# What the exercise asks
In this exercise, retype exactly and only the lines from the top of the entries below through the line that holds "こんにちは😊 旦那さま❤️ 3個以上当てはまったら、", omitting pictures.

# Records supplied

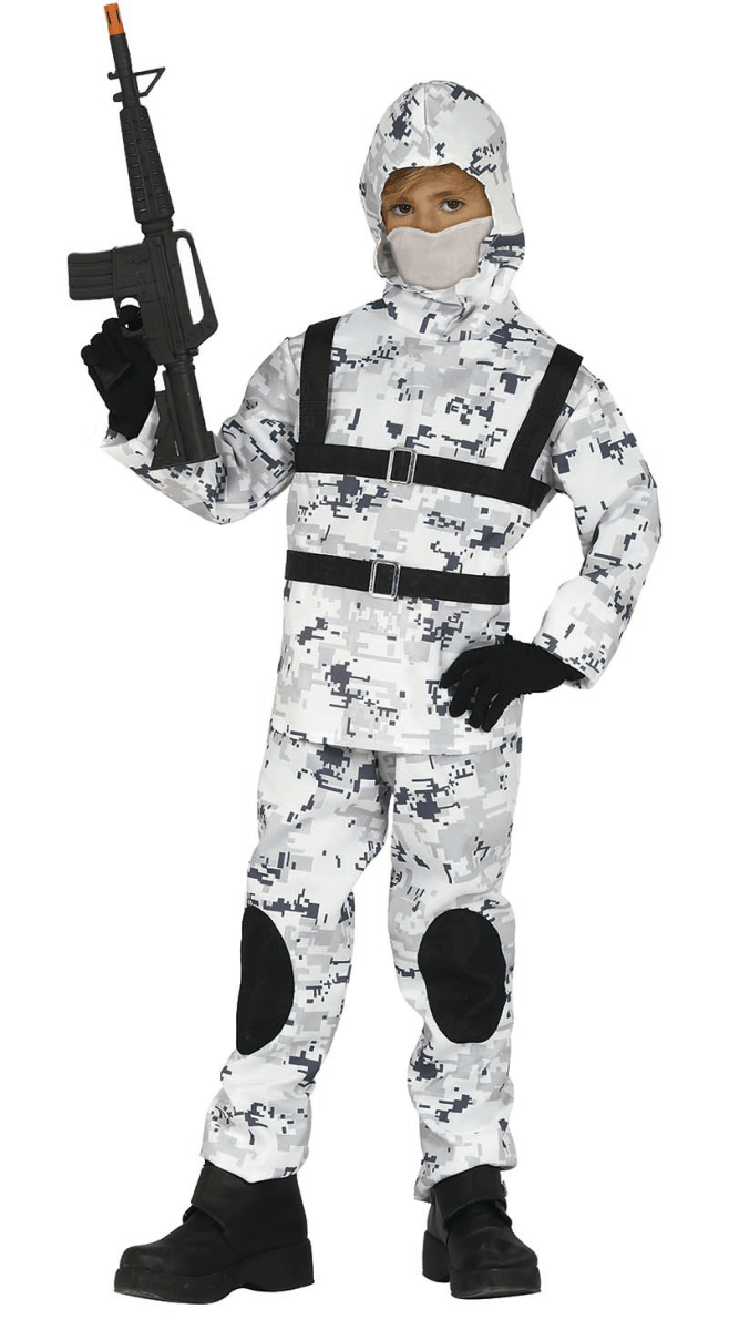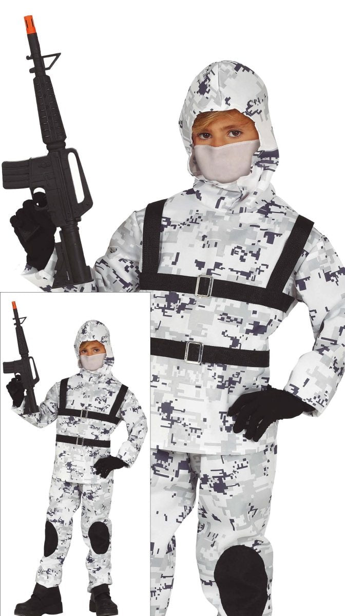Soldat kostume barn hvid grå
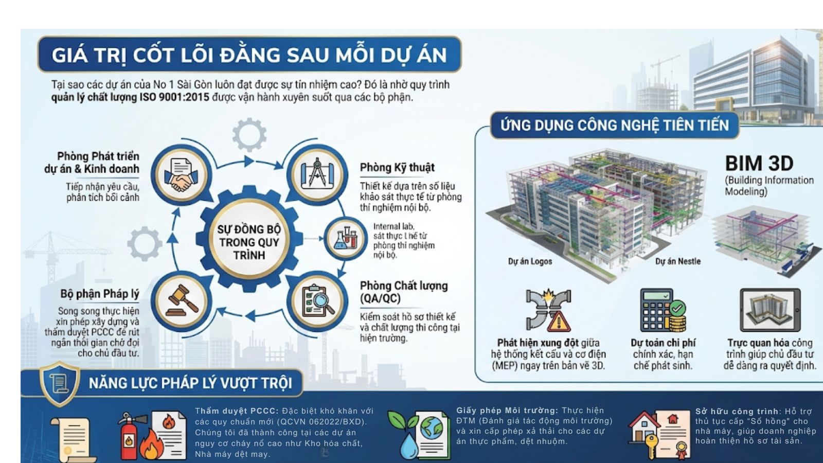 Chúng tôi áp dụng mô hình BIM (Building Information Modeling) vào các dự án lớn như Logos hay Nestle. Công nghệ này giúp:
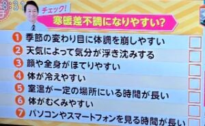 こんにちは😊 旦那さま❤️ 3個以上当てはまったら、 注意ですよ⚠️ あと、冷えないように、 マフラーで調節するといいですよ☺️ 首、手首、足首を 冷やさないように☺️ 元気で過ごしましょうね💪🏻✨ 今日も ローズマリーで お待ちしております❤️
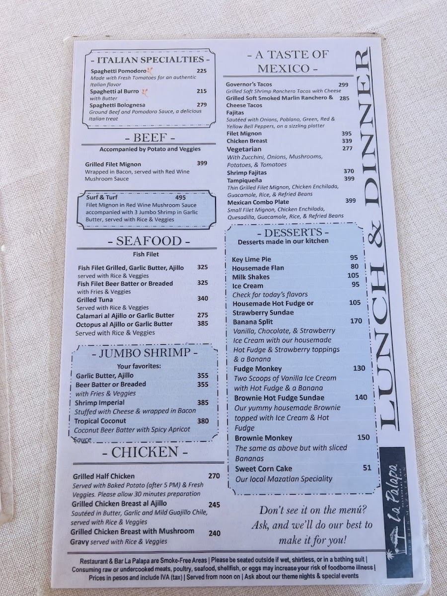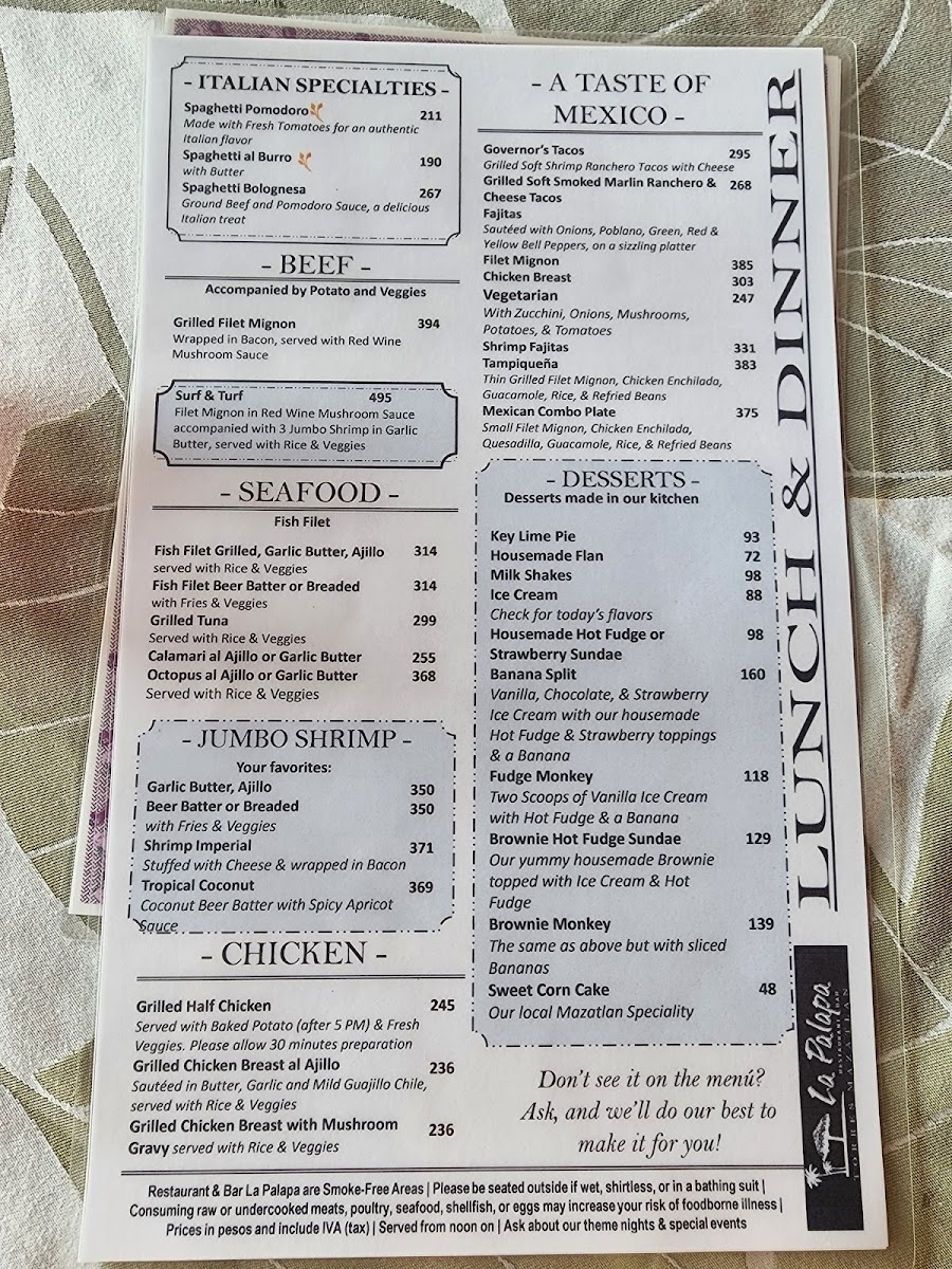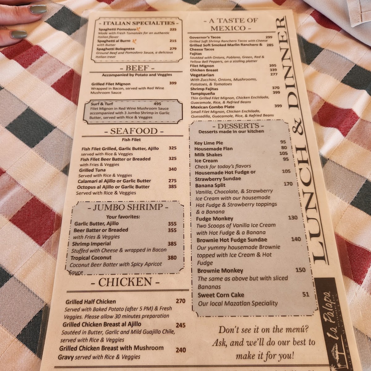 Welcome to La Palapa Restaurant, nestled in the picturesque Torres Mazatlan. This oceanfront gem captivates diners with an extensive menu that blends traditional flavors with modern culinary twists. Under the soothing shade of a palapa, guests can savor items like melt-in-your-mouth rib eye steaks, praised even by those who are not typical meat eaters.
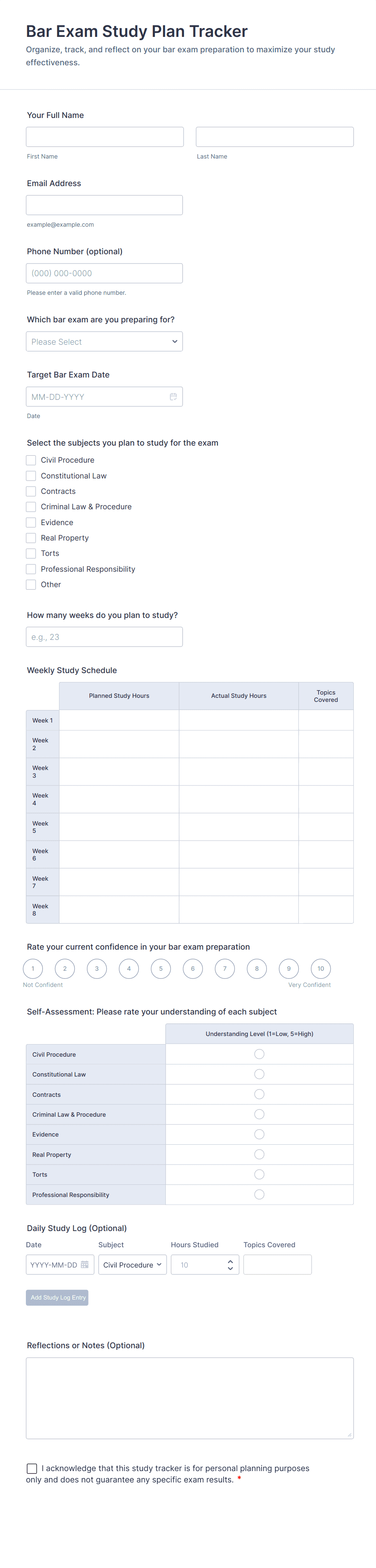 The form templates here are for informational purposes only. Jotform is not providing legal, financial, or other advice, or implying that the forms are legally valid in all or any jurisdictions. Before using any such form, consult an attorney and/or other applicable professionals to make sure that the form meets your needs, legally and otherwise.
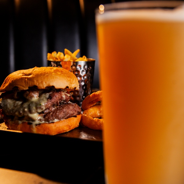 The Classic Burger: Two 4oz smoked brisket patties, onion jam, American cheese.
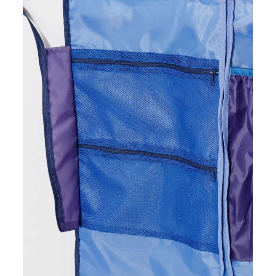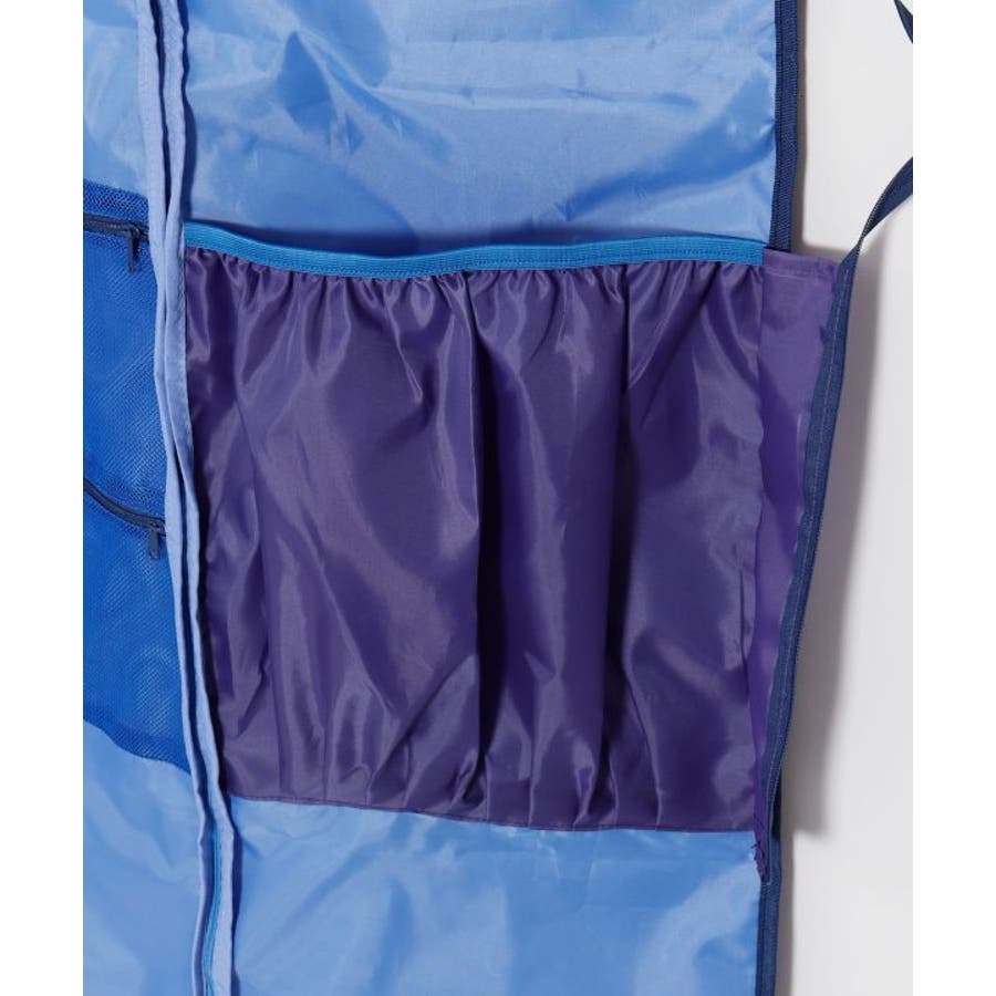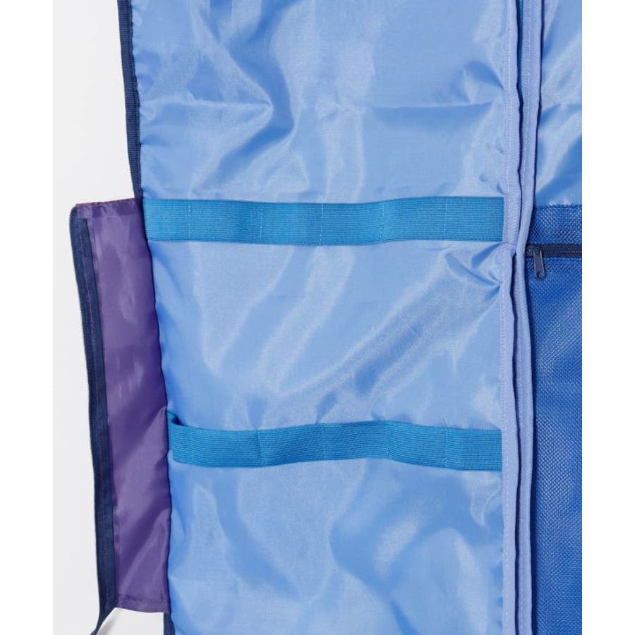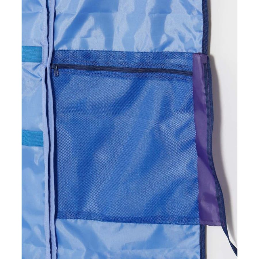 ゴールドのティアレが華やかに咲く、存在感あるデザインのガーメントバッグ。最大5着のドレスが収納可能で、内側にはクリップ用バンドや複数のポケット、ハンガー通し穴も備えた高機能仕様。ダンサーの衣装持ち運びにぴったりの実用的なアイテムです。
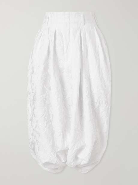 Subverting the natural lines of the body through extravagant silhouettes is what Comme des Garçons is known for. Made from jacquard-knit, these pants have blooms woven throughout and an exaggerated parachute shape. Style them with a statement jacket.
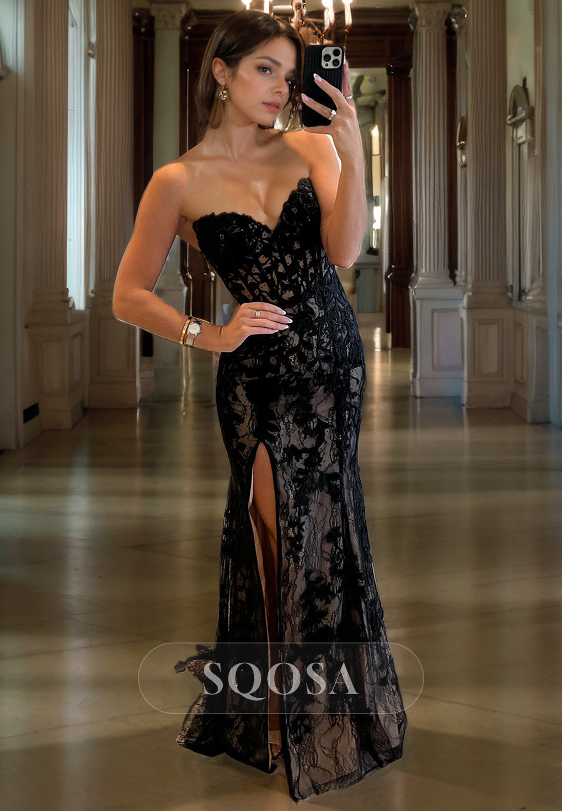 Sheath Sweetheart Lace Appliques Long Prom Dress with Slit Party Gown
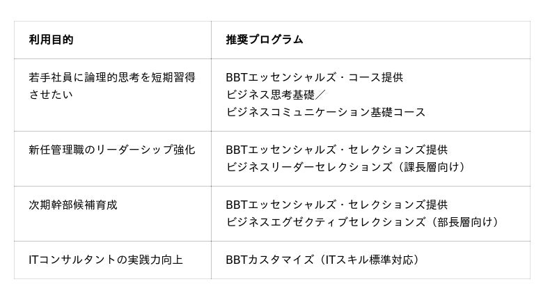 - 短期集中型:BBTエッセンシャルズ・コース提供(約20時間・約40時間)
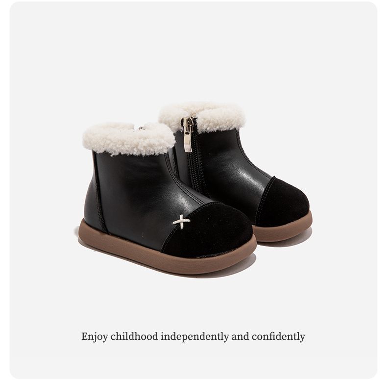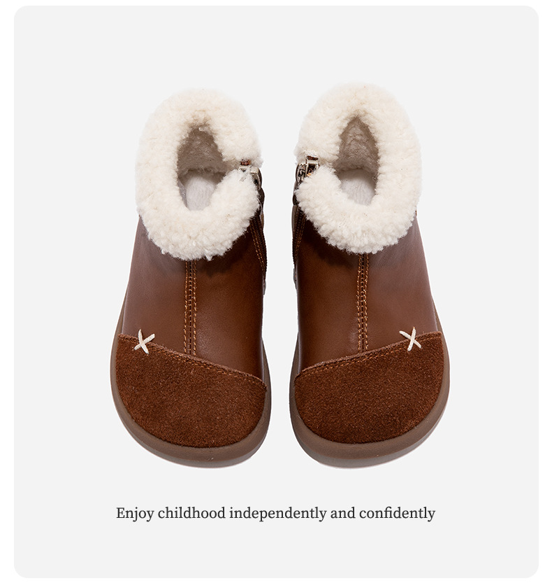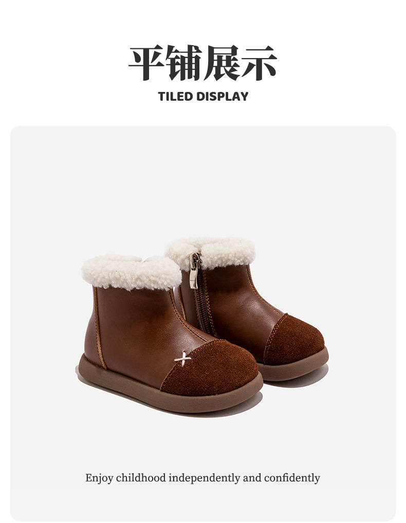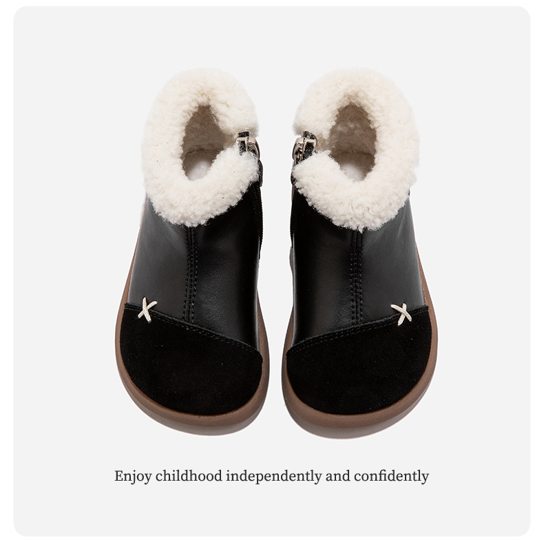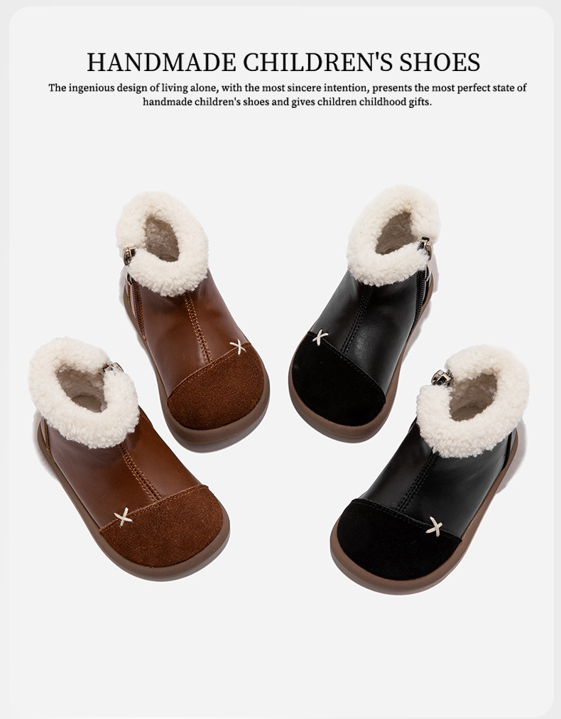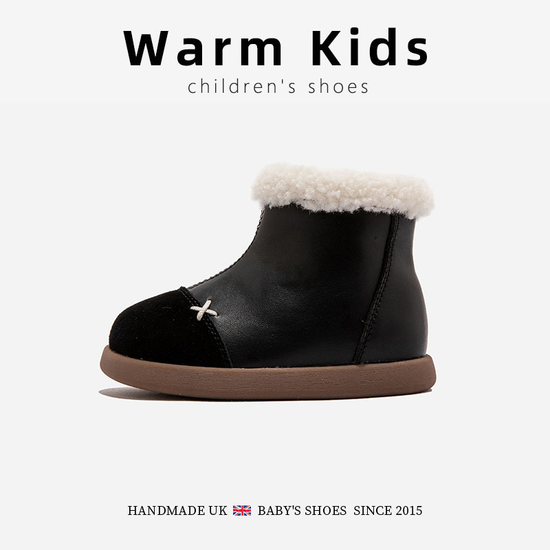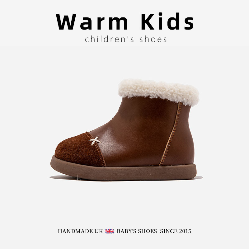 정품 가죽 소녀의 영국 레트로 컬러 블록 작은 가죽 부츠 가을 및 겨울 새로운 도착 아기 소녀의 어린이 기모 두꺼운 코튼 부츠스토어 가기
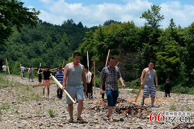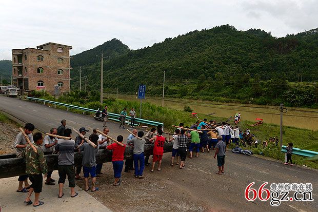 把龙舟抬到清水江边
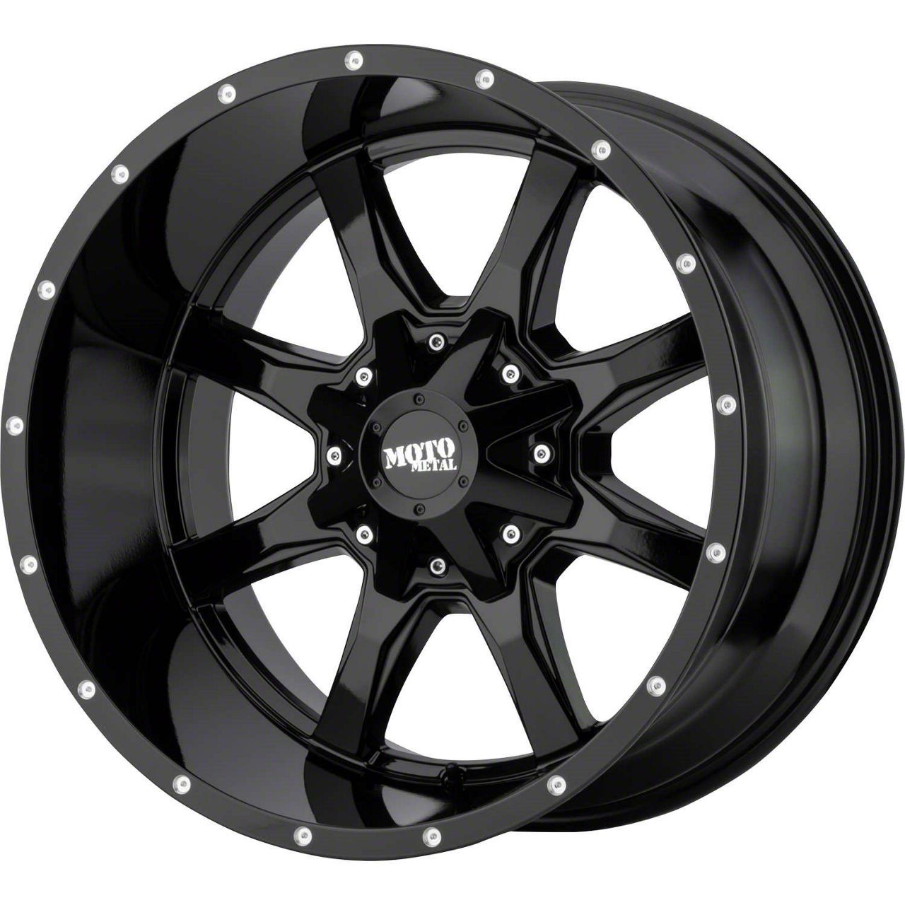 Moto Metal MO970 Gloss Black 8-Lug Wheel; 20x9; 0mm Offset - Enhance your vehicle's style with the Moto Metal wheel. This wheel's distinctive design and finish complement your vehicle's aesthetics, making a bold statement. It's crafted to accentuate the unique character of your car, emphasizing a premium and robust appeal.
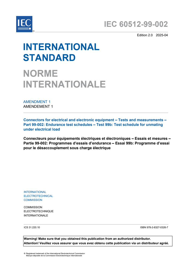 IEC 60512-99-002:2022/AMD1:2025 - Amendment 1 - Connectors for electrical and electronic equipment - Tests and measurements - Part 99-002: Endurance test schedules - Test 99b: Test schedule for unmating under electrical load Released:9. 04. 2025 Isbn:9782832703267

# Answer box
Soldat kostume barn hvid grå
 Chúng tôi áp dụng mô hình BIM (Building Information Modeling) vào các dự án lớn như Logos hay Nestle. Công nghệ này giúp:
 こんにちは😊 旦那さま❤️ 3個以上当てはまったら、 注意ですよ⚠️ あと、冷えないように、 マフラーで調節するといいですよ☺️ 首、手首、足首を 冷やさないように☺️ 元気で過ごしましょうね💪🏻✨ 今日も ローズマリーで お待ちしております❤️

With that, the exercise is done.